### Dataset excerpt:

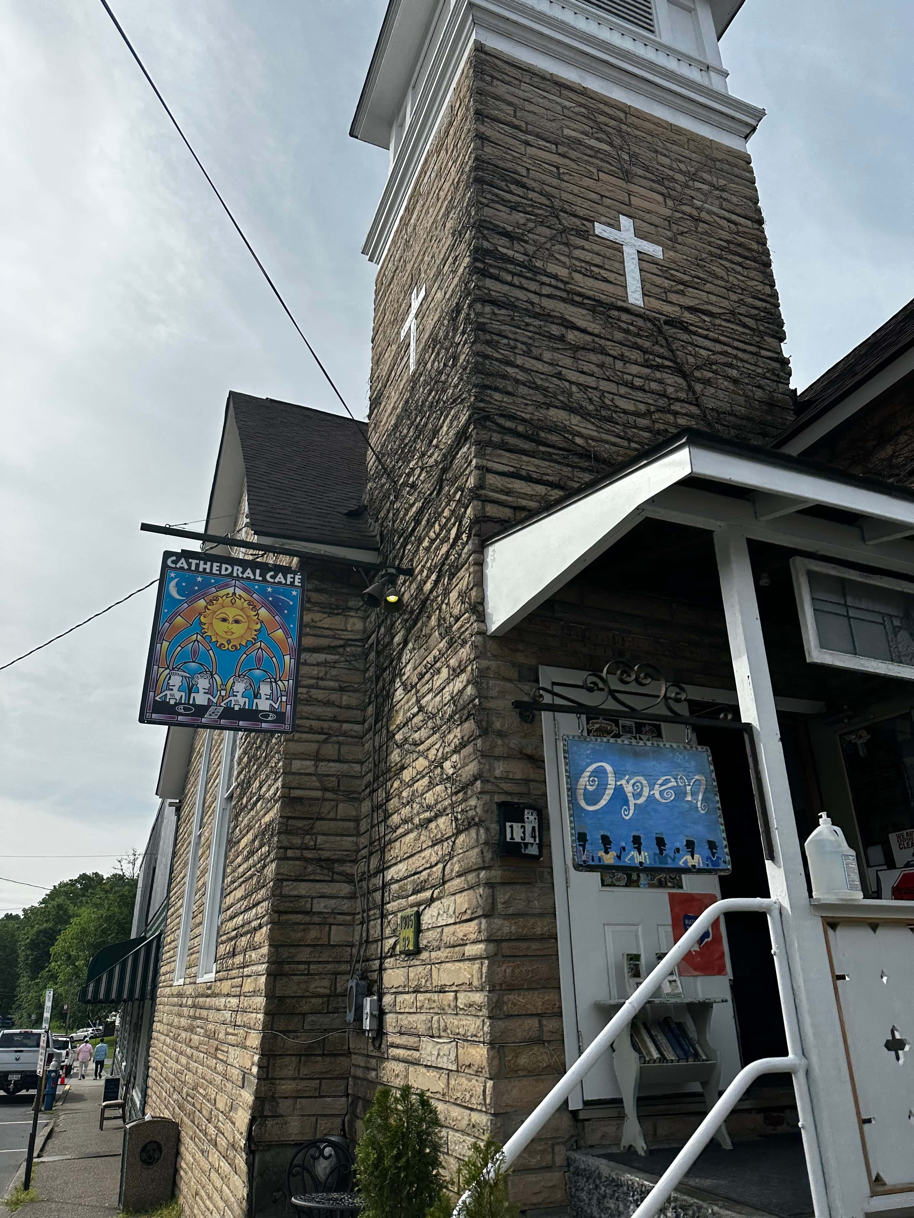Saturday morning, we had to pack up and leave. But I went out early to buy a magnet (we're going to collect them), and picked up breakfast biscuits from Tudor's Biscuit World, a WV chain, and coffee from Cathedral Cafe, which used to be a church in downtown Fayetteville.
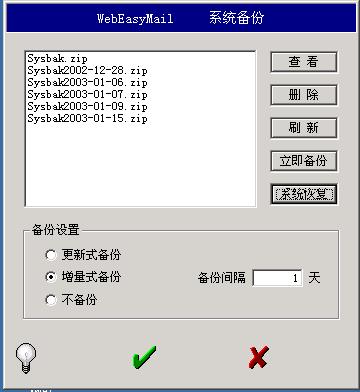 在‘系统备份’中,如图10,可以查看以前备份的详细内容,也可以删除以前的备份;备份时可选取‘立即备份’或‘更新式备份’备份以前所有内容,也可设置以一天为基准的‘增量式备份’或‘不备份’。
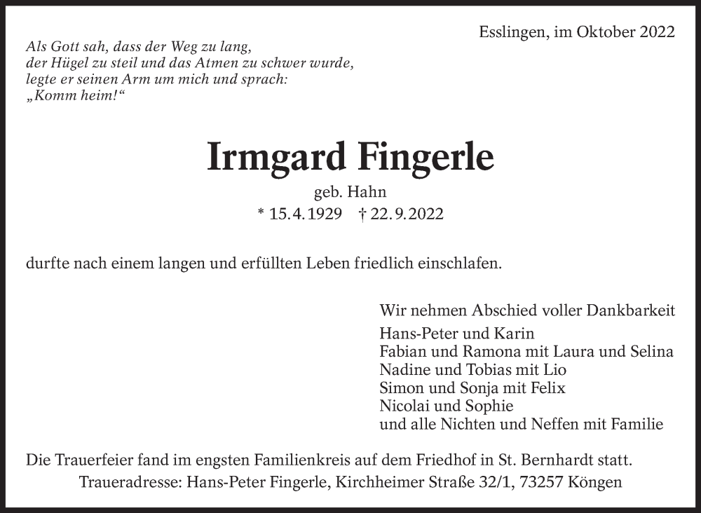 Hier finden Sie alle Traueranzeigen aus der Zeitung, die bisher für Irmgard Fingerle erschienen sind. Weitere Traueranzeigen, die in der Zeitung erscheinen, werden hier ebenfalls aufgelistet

### Requirement:
Each line of the data above should be reproduced without alteration, and no picture should appear in the copy.

### Solution to the problem:
Saturday morning, we had to pack up and leave. But I went out early to buy a magnet (we're going to collect them), and picked up breakfast biscuits from Tudor's Biscuit World, a WV chain, and coffee from Cathedral Cafe, which used to be a church in downtown Fayetteville.
 在‘系统备份’中,如图10,可以查看以前备份的详细内容,也可以删除以前的备份;备份时可选取‘立即备份’或‘更新式备份’备份以前所有内容,也可设置以一天为基准的‘增量式备份’或‘不备份’。
 Hier finden Sie alle Traueranzeigen aus der Zeitung, die bisher für Irmgard Fingerle erschienen sind. Weitere Traueranzeigen, die in der Zeitung erscheinen, werden hier ebenfalls aufgelistet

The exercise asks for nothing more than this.